+++ Dataset extract +++
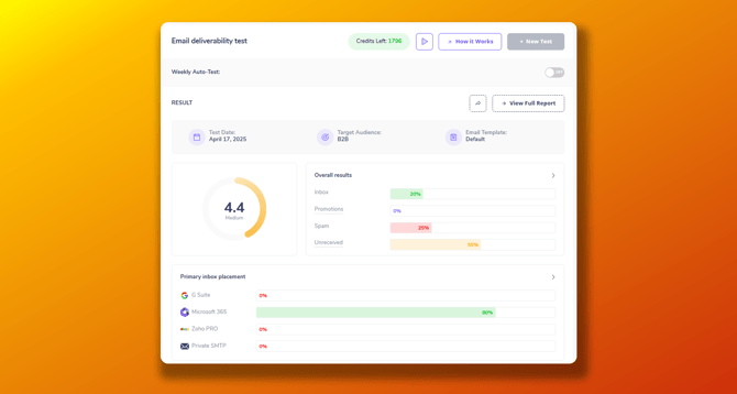 To learn more about email deliverability tests, please read our article: Email deliverability test.
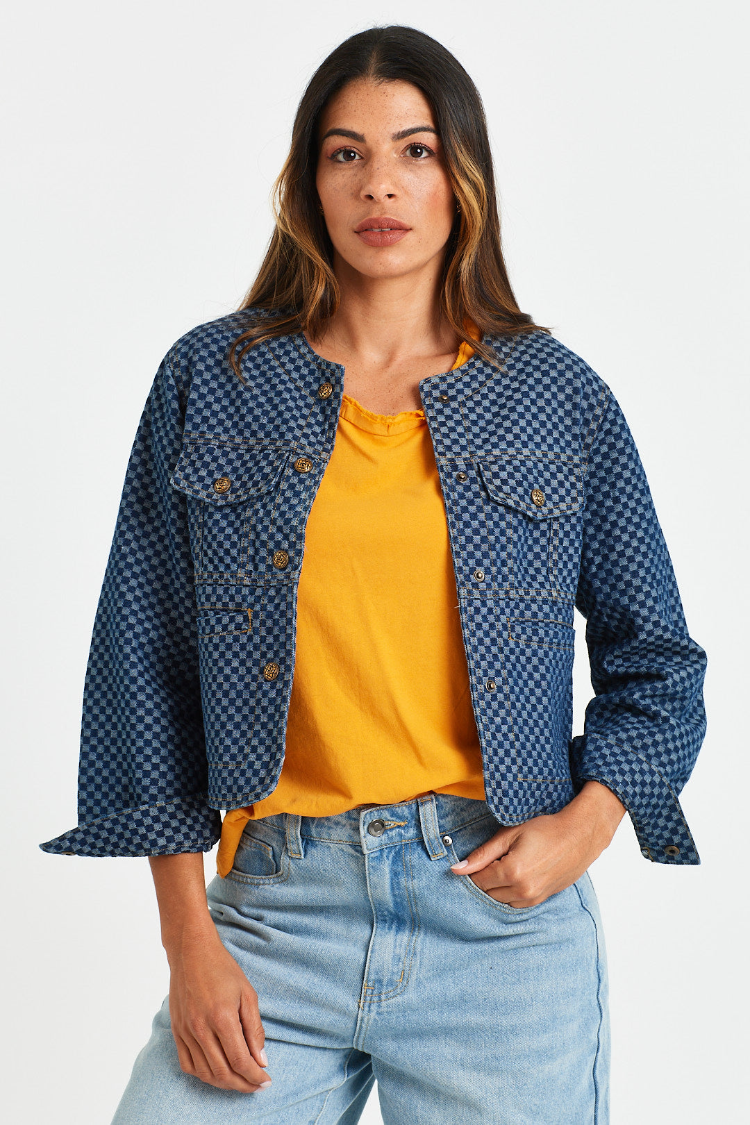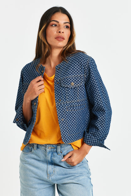 A fresh take on a classic, the Alvin Jacket is crafted from cotton denim with a bold checked design. Featuring front patch pockets and timeless structure, it’s a standout layer for everyday wear.
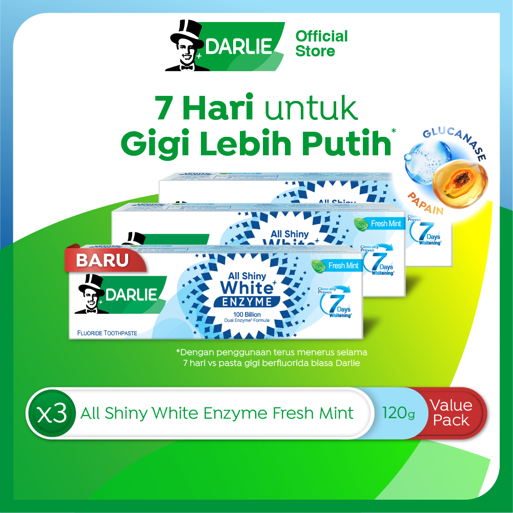 DARLIE All Shiny White Enzyme Fresh Mint Pasta Gigi Pemutih Whitening 120 gr - Value Pack Isi 3 Pcs
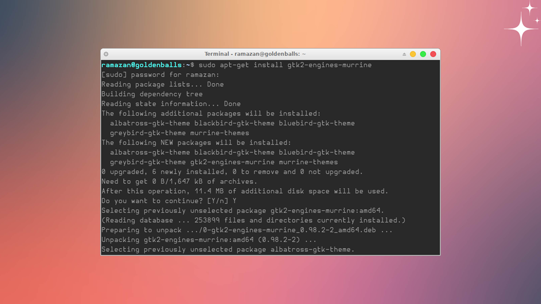 Aşağıdaki komutu kullanarak gtk2-engines-murrine paketini sistemimize kuralım.
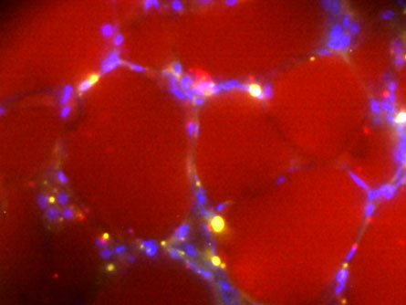 News Health & Medicine Linking obesity with leukemia relapses Fat may offer sanctuary for cancerous cells, a study in mice shows By Nathan Seppa September 22, 2009 at 2:36 pm - More than 2 years ago Share this:Share Share via email (Opens in new window) Email Click to share on Facebook (Opens in new window) Facebook Click to share on Reddit (Opens in new window) Reddit Click to share on X (Opens in new window) X Click to print (Opens in new window) Print In leukemia patients, excess fatty tissue allows cancerous cells to avoid destruction by chemotherapy drugs, a study in mice suggests. BLENDING IN This image shows fat cells (in red) from an obese mouse with leukemia.
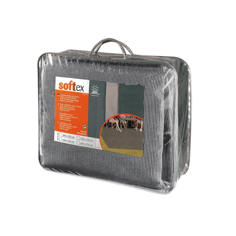 Sehr strapazierfähig, absolut witterungsbeständig, atmungsaktiv und leicht zu säubern. Ideal für Zelt, Vorzelt, Terrasse und Balkon.
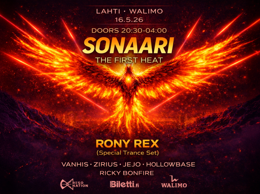 The lineup is headlined by Sean Tyas, with international artists including Daniel Skyver, Inoblivion, Jordan Taylor, Kaimo K, Ralphie B, DJ T.H., and Phase303. Finnish performers include Tempo Giusto, Rony Rex, Vanhis, JeJo, Hollowbase, Lyd14, Ricky Bonfire, Zaini, and Zirius. Additional artists performing on the terrace stage include Aesern, Discotek, DJKrissB, Duckforce, Endlos, JeJo, JSomerstone, Lime, Melanchor, Pheat, SEKA, Sundll, TAI, Therapist, Yeti, as well as Luxonia collective members Axity, KLASS, KUOKKA, and Robbe.
+++
▸ Task requirements
Repeat the records above exactly, from the first line through the line containing "Sehr strapazierfähig, absolut", and leave out the pictures.

▸ Written response
 To learn more about email deliverability tests, please read our article: Email deliverability test.
 A fresh take on a classic, the Alvin Jacket is crafted from cotton denim with a bold checked design. Featuring front patch pockets and timeless structure, it’s a standout layer for everyday wear.
 DARLIE All Shiny White Enzyme Fresh Mint Pasta Gigi Pemutih Whitening 120 gr - Value Pack Isi 3 Pcs
 Aşağıdaki komutu kullanarak gtk2-engines-murrine paketini sistemimize kuralım.
 News Health & Medicine Linking obesity with leukemia relapses Fat may offer sanctuary for cancerous cells, a study in mice shows By Nathan Seppa September 22, 2009 at 2:36 pm - More than 2 years ago Share this:Share Share via email (Opens in new window) Email Click to share on Facebook (Opens in new window) Facebook Click to share on Reddit (Opens in new window) Reddit Click to share on X (Opens in new window) X Click to print (Opens in new window) Print In leukemia patients, excess fatty tissue allows cancerous cells to avoid destruction by chemotherapy drugs, a study in mice suggests. BLENDING IN This image shows fat cells (in red) from an obese mouse with leukemia.
 Sehr strapazierfähig, absolut witterungsbeständig, atmungsaktiv und leicht zu säubern. Ideal für Zelt, Vorzelt, Terrasse und Balkon.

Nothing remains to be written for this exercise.